Higher Intra-Dialysis Serum Phosphorus Reduction Ratio as a Predictor of Mortality in Patients on Long-Term Hemodialysis.

机构信息

Division of Nephrology, Department of Internal Medicine, Shin-Kong Wu Ho-Su Memorial Hospital, Taipei, Taiwan.

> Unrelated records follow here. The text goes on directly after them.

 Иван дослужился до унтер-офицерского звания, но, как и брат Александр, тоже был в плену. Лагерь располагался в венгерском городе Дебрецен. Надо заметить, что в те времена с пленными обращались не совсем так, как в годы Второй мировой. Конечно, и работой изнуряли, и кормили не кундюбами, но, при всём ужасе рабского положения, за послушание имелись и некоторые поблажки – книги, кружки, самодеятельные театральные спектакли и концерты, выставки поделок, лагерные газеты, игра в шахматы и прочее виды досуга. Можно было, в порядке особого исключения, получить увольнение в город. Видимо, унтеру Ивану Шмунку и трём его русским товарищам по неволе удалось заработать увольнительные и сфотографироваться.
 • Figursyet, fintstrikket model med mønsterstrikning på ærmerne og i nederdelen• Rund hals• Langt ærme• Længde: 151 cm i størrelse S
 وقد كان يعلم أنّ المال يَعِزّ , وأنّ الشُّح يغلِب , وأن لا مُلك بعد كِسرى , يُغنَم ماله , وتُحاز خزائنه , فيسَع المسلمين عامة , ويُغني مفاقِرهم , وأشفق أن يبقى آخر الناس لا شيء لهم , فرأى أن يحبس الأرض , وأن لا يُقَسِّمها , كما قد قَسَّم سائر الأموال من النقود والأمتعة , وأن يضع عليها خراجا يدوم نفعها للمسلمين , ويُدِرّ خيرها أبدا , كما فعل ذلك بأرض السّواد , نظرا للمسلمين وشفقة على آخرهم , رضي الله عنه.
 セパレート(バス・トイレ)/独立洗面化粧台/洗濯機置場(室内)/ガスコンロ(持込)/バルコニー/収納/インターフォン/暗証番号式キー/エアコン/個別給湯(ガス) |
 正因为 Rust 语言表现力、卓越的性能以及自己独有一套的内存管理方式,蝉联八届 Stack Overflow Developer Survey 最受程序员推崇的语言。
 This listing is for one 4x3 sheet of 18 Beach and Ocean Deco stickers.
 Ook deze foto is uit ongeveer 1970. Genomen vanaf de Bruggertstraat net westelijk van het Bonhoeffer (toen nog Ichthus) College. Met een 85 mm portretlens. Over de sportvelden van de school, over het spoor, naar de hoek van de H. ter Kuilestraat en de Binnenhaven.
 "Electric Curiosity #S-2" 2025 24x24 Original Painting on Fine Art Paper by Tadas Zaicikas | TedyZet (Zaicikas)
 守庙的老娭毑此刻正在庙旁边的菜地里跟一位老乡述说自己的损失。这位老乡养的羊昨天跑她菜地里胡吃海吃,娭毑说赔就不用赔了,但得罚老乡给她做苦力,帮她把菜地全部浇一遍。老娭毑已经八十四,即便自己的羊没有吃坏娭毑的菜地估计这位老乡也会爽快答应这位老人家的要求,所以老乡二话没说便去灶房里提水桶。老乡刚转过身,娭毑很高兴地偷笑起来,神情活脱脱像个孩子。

Fu-Jen Catholic University School of Medicine, Taipei, Taiwan.

出版信息

Med Sci Monit. 2019 Jan 24;25:691-699. doi: 10.12659/MSM.913137.

Abstract

BACKGROUND Rapid shifting between extracellular and intracellular phosphorus can occur during dialysis sessions, which can cause aberrant intracellular signaling in long-term hemodialysis (LTHD) patients. However, the effect of these intra-dialysis fluctuations of phosphorus on clinical outcomes has not been examined. Therefore, we investigated the relationship between intradialysis serum phosphorus reduction ratio (IDSPRR) and mortality in LTHD patients. MATERIAL AND METHODS This was a retrospective, observational cohort study to assess the predictive power of IDSPRR (>0.63 vs. ≤0.63) on mortality in a total of 805 LTHD patients. All these fatal events were analyzed using the Cox proportional hazards regression model. RESULTS After multivariable analysis, baseline IDSPRR higher than 0.63 was significantly predictive of all-cause mortality (hazard ratio [HR]: 1.58; 95% confidence interval [CI]: 1.10-2.26), but not for cardiovascular (CV) mortality (HR: 1.41; 95% CI: 0.91-2.18). However, when time-varied IDSPRRs were applied, a value greater than 0.63 was not only significantly predictive of all-cause mortality (HR: 1.74, 95% CI: 1.16-2.63), but also CV mortality (HR: 2.04, 95% CI: 1.23-3.40). CONCLUSIONS High IDSPRR (>0.63) is independently associated with increased all-cause and CV mortality, which shows the negative effect of rapid intracellular phosphorus-shifting on LTHD patients.

摘要

背景

在透析过程中,细胞外和细胞内磷之间会迅速转换,这可能导致长期血液透析(LTHD)患者出现异常的细胞内信号。然而,这些透析过程中磷的波动对临床结果的影响尚未得到检验。因此,我们研究了 LTHD 患者透析中血清磷降低率(IDSPRR)与死亡率之间的关系。

材料与方法

这是一项回顾性、观察性队列研究,旨在评估 805 例 LTHD 患者中 IDSPRR(>0.63 与≤0.63)对死亡率的预测能力。使用 Cox 比例风险回归模型分析所有这些致死事件。

结果

经过多变量分析,基线 IDSPRR 高于 0.63 与全因死亡率显著相关(危险比[HR]:1.58;95%置信区间[CI]:1.10-2.26),但与心血管(CV)死亡率无关(HR:1.41;95% CI:0.91-2.18)。然而,当应用时变 IDSPRR 时,大于 0.63 的值不仅与全因死亡率显著相关(HR:1.74,95% CI:1.16-2.63),而且与 CV 死亡率相关(HR:2.04,95% CI:1.23-3.40)。

结论

高 IDSPRR(>0.63)与全因和 CV 死亡率增加独立相关,这表明快速细胞内磷转移对 LTHD 患者的负面影响。